▶ [Exercise]
Before you reproduce the entries that follow, strip out any image they contain and keep the rest exact.

####################

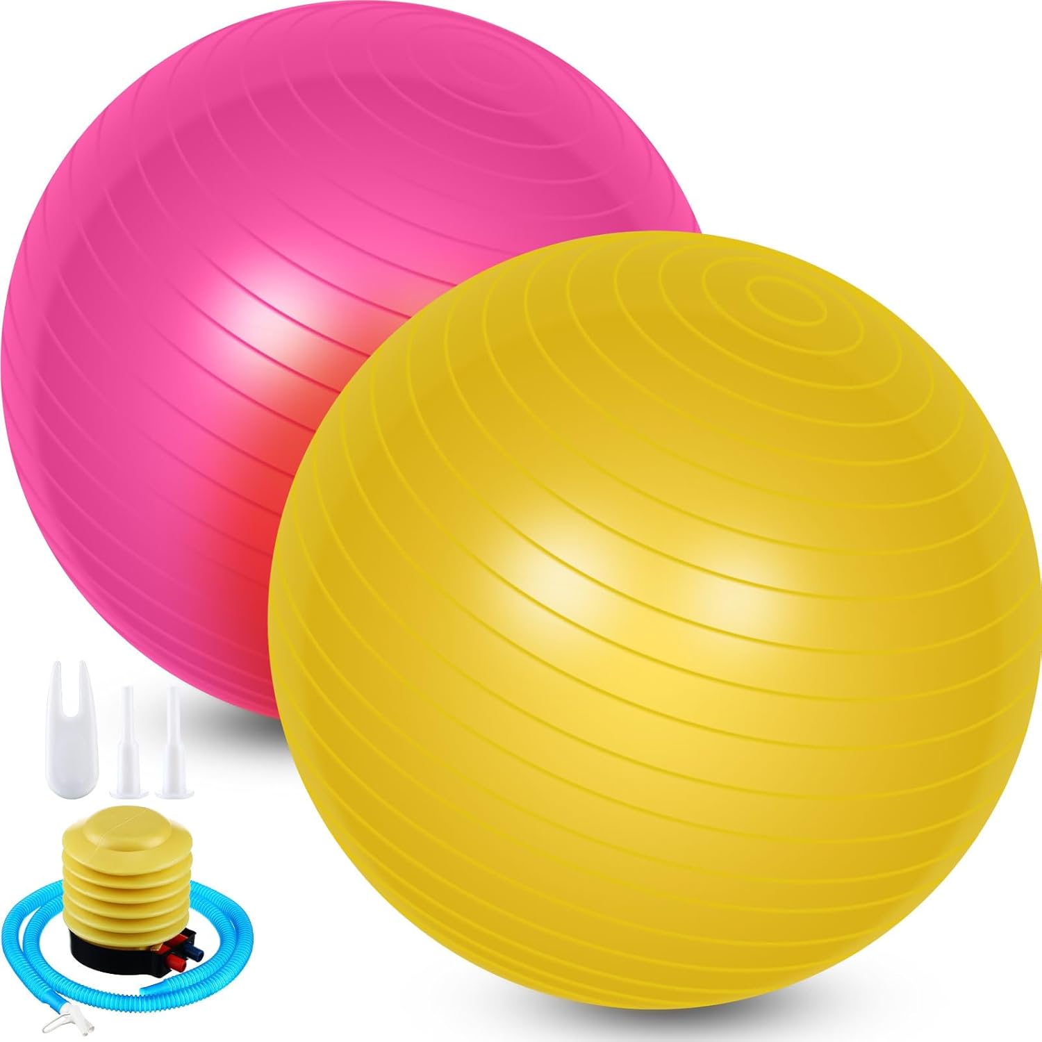- Items Sent to You: you'll get 2 different colors of gym balls: pink and yellow, each measuring about 26 inches/ 65 cm in diameter, along with 1 piece of quick inflating foot pump, 1 piece of plug removal tool and 2 pieces of air plugs for easy inflating and deflating
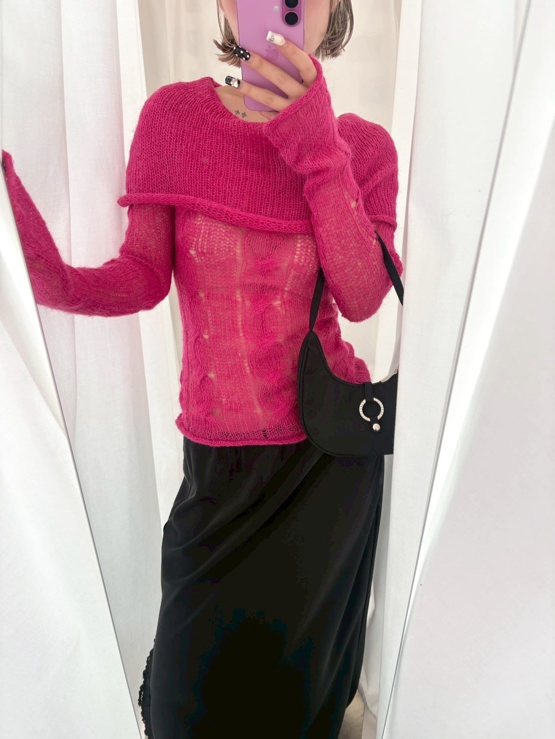素材: 55%Ramie 30%Acrylic 15%Mohair サイズ: S(表記)肩幅45cm 身幅39cm 袖丈75cm 総丈60cm 着用モデル身長: 163cm
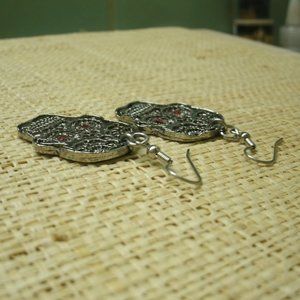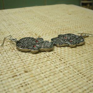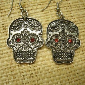 This is a pair of sugar skull earrings made of silver pewter. Eyes are red sets. Hook ear wires. Brand new. 2 inches high including hook, 1 inch wide. Great for anyone who loves skulls.
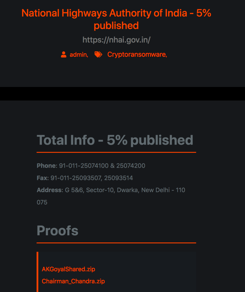 As part of regular darkweb monitoring, researchers from threat intelligence firm has spotted the data leak of National Highways Authority of India (NHAI). The Maze ransomware operators allegedly breached the NHAI and leaked the data of their leak site.
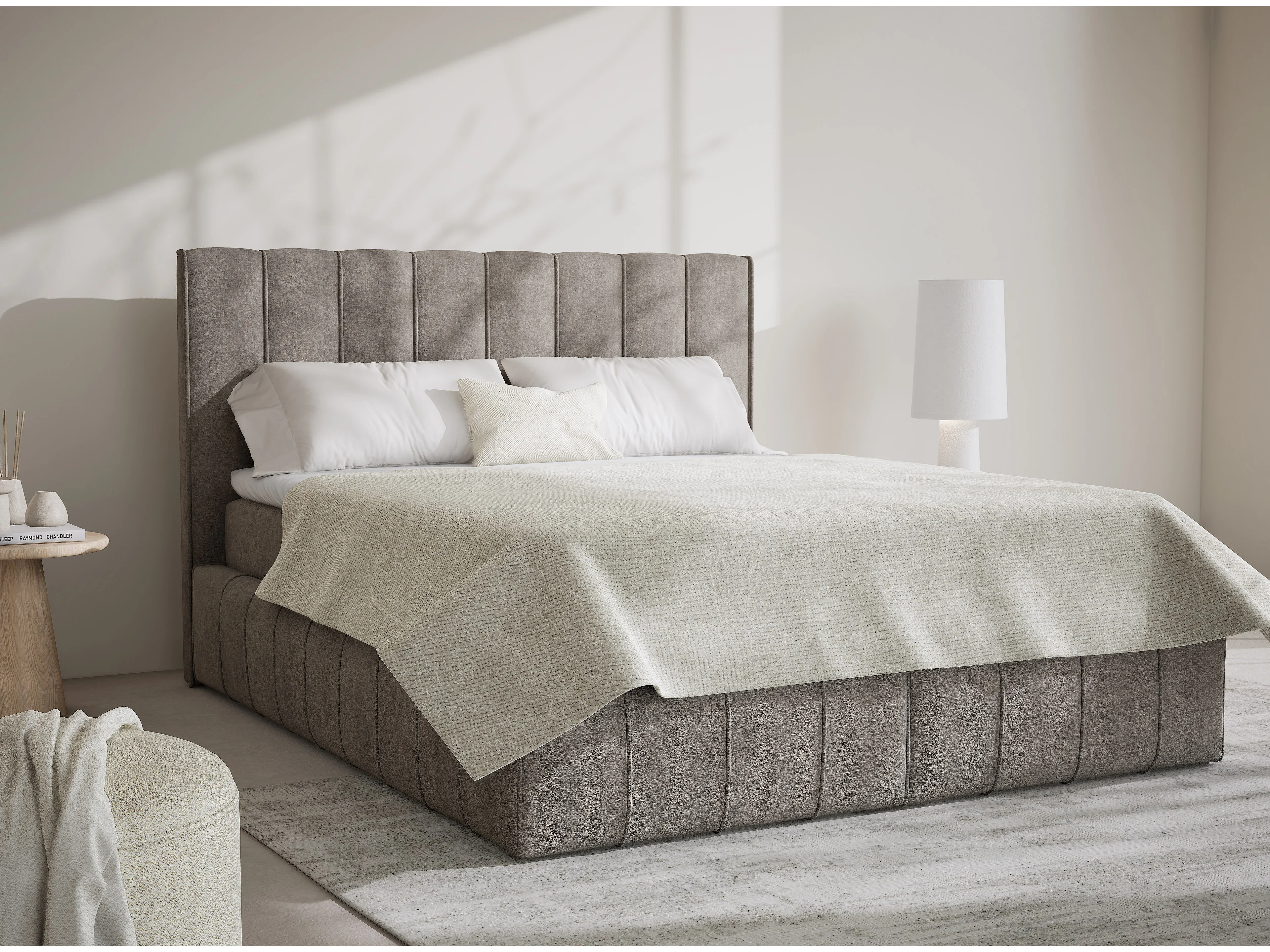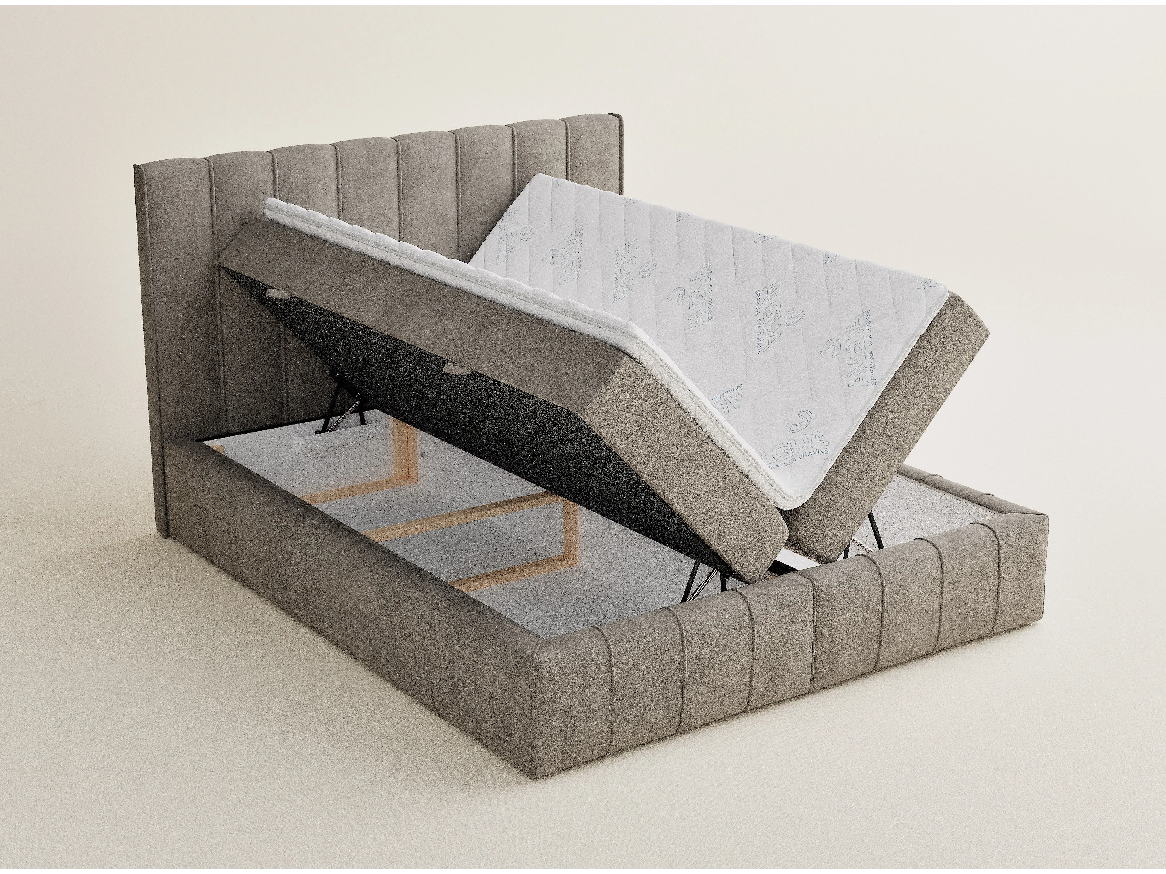 Lit boxspring avec rangement MORETTI - matelas - surmatelas - 200x200 cm - brun
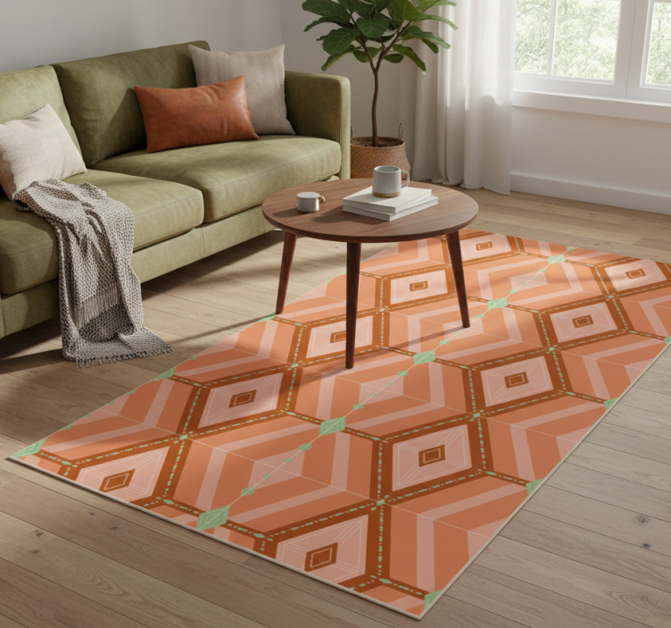 Reference: R21615Introducing our stunning Geometric vinyl rug in 30s autumnal hues that brings a vibrant and artistic touch to your space! With its beautiful geometric patterns and warm autumn-inspired colors, this rug adds a unique flair to any room. Its design not only captivates the eye but also complements a variety of decor styles, making it a versatile addition to your home.
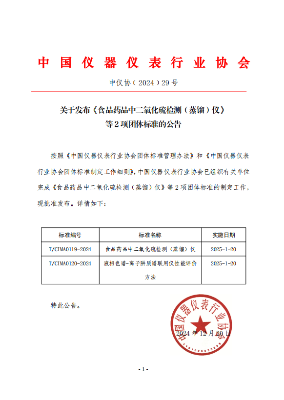 根據《中國儀器儀表行業協會團體標準管理辦法》的規定,中國儀器儀表行業協會(簡稱“協會”)組織完成了由上海赫冠儀器有限公司提出的《食品藥品中二氧化硫檢測(蒸餾)儀》和由常州磐諾儀器有限公司提出的《液相色譜-離子阱質譜聯用儀性能評價方法》2項團體標準的制定工作,現予以發布,特此公告。
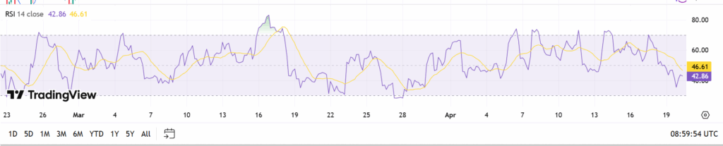 The technical indicators will help understand the existing analysis regarding the prediction of the current price of Ethereum. According to the Relative Strength Index, the present value of the RSI is located within the 40 middle level range. Therefore, the present trend is considered to be neutral or slightly bearish.
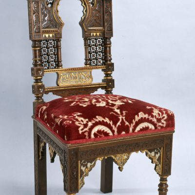 Chaise de style oriental, 2e moitié XIXe siècle, Bois naturel, décor sculpté et peint, lettres dorées, tissage façonné en velours Chaise de style oriental, 2e moitié XIXe siècle, Bois naturel, décor sculpté et peint, lettres dorées, tissage façonné en velours
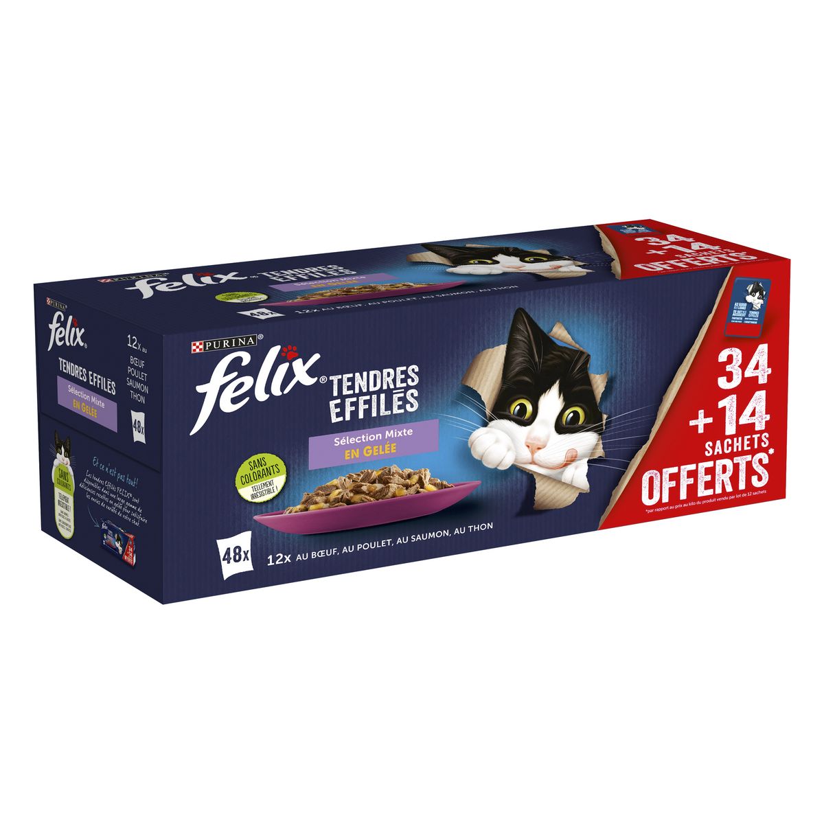 Les Tendres Effilés de FELIX® sont de savoureux repas à l’apparence, à l’odeur et au goût si appétissants que vous auriez pu les cuisiner vous-même. Chaque recette est composée d'ingrédients de qualité et contient de tendres effilés enrobés d’une gelée qui raviront votre chat à tous les repas ! Ces repas sont une source d’acides gras Oméga-6 avec le juste équilibre de vitamines pour aider votre chat à rester en pleine forme et à être prêt pour toujours plus de malice ! Ils contiennent tous les bienfaits nutritifs pour satisfaire 100% des besoins quotidiens de votre chat, selon les rations journalières recommandées sur l'emballage. Et ce n’est pas tout ! Les Tendres Effilés de FELIX® sont disponibles dans une large gamme de délicieuses recettes en gelée pour satisfaire les envies de variété de votre chat. Ils sont vraiment aussi bons qu'ils en ont l'air ! FELIX®, tellement irrésistible !
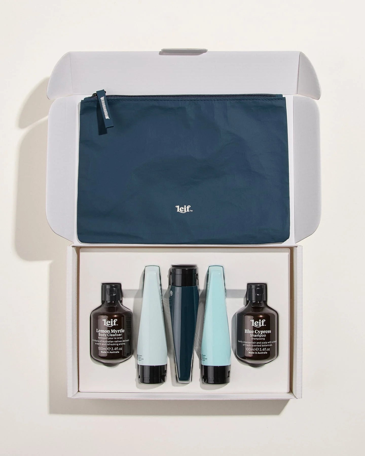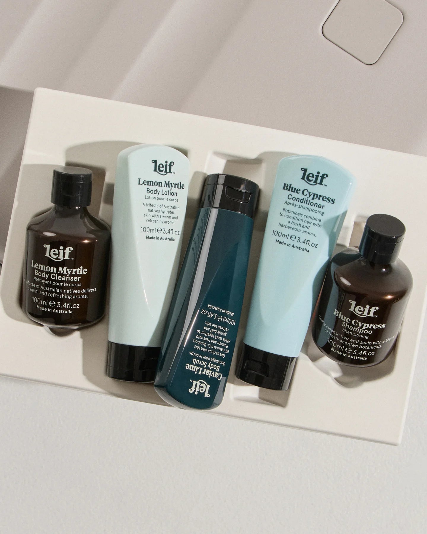 Five mini products for hair and body to explore — big enough for an extended stay, small enough to carry-on. Lemon Myrtle Body Cleanser & Lotion, Caviar Lime Body Scrub and Blue Cypress Shampoo & Conditioner come complete with a water-resistant bag to keep it all together.
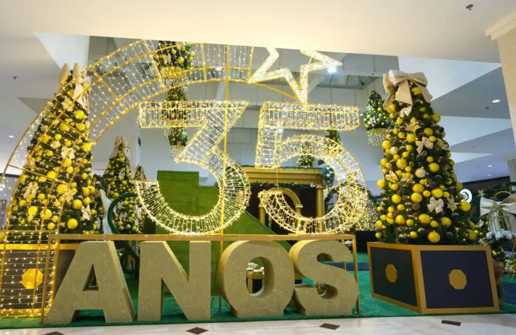A decoração natalina, com tons de preto e dourado, fez uma homenagem à trajetória de sucesso do shopping ao longo de suas três décadas e meia. Além do imponente trenó ornamental, os clientes puderam interagir com um gazebo com painel, escorregadores e até uma área instagramável, perfeita para fotos em família. O trono do Papai Noel, localizado em frente à loja Renner, foi o local ideal para registrar esses momentos especiais ao lado do bom velhinho.
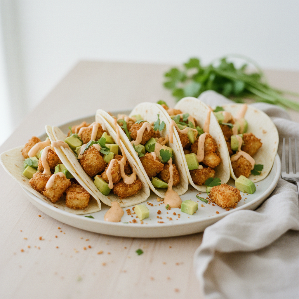 Crispy fried hearts of palm tacos with creamy avocado and cilantro. A fun vegetarian twist on a classic!
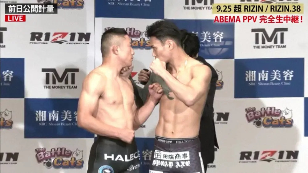 前日計量後を行った堀口恭司(左)と金太郎 (撮影・西川祐介) Photo by スポニチ “日本凱旋”堀口恭司 計量クリア「盛り上がる試合する」 相手の金太郎も… ギャラリーで見る この記事のフォト 2022年09月24日の画像一覧 もっと見る 2022年09月24日の画像をもっと見る
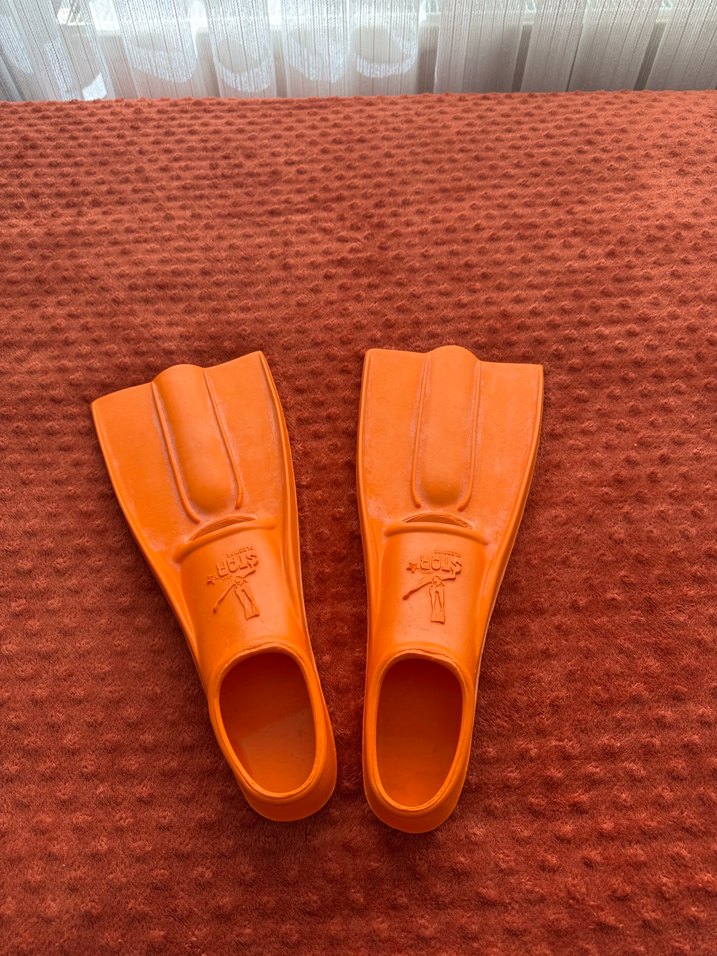 Turuncu renkli, kauçuk malzemeden yapılmış, palet kızım yüzme kursunda kullandı esnek kaliteli bir üründür küçük geldiği için satılık 29-31 numara arası kullanıma uygundur

####################

▶ [Response below]
- Items Sent to You: you'll get 2 different colors of gym balls: pink and yellow, each measuring about 26 inches/ 65 cm in diameter, along with 1 piece of quick inflating foot pump, 1 piece of plug removal tool and 2 pieces of air plugs for easy inflating and deflating
素材: 55%Ramie 30%Acrylic 15%Mohair サイズ: S(表記)肩幅45cm 身幅39cm 袖丈75cm 総丈60cm 着用モデル身長: 163cm
 This is a pair of sugar skull earrings made of silver pewter. Eyes are red sets. Hook ear wires. Brand new. 2 inches high including hook, 1 inch wide. Great for anyone who loves skulls.
 As part of regular darkweb monitoring, researchers from threat intelligence firm has spotted the data leak of National Highways Authority of India (NHAI). The Maze ransomware operators allegedly breached the NHAI and leaked the data of their leak site.
 Lit boxspring avec rangement MORETTI - matelas - surmatelas - 200x200 cm - brun
 Reference: R21615Introducing our stunning Geometric vinyl rug in 30s autumnal hues that brings a vibrant and artistic touch to your space! With its beautiful geometric patterns and warm autumn-inspired colors, this rug adds a unique flair to any room. Its design not only captivates the eye but also complements a variety of decor styles, making it a versatile addition to your home.
 根據《中國儀器儀表行業協會團體標準管理辦法》的規定,中國儀器儀表行業協會(簡稱“協會”)組織完成了由上海赫冠儀器有限公司提出的《食品藥品中二氧化硫檢測(蒸餾)儀》和由常州磐諾儀器有限公司提出的《液相色譜-離子阱質譜聯用儀性能評價方法》2項團體標準的制定工作,現予以發布,特此公告。
 The technical indicators will help understand the existing analysis regarding the prediction of the current price of Ethereum. According to the Relative Strength Index, the present value of the RSI is located within the 40 middle level range. Therefore, the present trend is considered to be neutral or slightly bearish.
 Chaise de style oriental, 2e moitié XIXe siècle, Bois naturel, décor sculpté et peint, lettres dorées, tissage façonné en velours Chaise de style oriental, 2e moitié XIXe siècle, Bois naturel, décor sculpté et peint, lettres dorées, tissage façonné en velours
 Les Tendres Effilés de FELIX® sont de savoureux repas à l’apparence, à l’odeur et au goût si appétissants que vous auriez pu les cuisiner vous-même. Chaque recette est composée d'ingrédients de qualité et contient de tendres effilés enrobés d’une gelée qui raviront votre chat à tous les repas ! Ces repas sont une source d’acides gras Oméga-6 avec le juste équilibre de vitamines pour aider votre chat à rester en pleine forme et à être prêt pour toujours plus de malice ! Ils contiennent tous les bienfaits nutritifs pour satisfaire 100% des besoins quotidiens de votre chat, selon les rations journalières recommandées sur l'emballage. Et ce n’est pas tout ! Les Tendres Effilés de FELIX® sont disponibles dans une large gamme de délicieuses recettes en gelée pour satisfaire les envies de variété de votre chat. Ils sont vraiment aussi bons qu'ils en ont l'air ! FELIX®, tellement irrésistible !
 Five mini products for hair and body to explore — big enough for an extended stay, small enough to carry-on. Lemon Myrtle Body Cleanser & Lotion, Caviar Lime Body Scrub and Blue Cypress Shampoo & Conditioner come complete with a water-resistant bag to keep it all together.
A decoração natalina, com tons de preto e dourado, fez uma homenagem à trajetória de sucesso do shopping ao longo de suas três décadas e meia. Além do imponente trenó ornamental, os clientes puderam interagir com um gazebo com painel, escorregadores e até uma área instagramável, perfeita para fotos em família. O trono do Papai Noel, localizado em frente à loja Renner, foi o local ideal para registrar esses momentos especiais ao lado do bom velhinho.
 Crispy fried hearts of palm tacos with creamy avocado and cilantro. A fun vegetarian twist on a classic!
 前日計量後を行った堀口恭司(左)と金太郎 (撮影・西川祐介) Photo by スポニチ “日本凱旋”堀口恭司 計量クリア「盛り上がる試合する」 相手の金太郎も… ギャラリーで見る この記事のフォト 2022年09月24日の画像一覧 もっと見る 2022年09月24日の画像をもっと見る
 Turuncu renkli, kauçuk malzemeden yapılmış, palet kızım yüzme kursunda kullandı esnek kaliteli bir üründür küçük geldiği için satılık 29-31 numara arası kullanıma uygundur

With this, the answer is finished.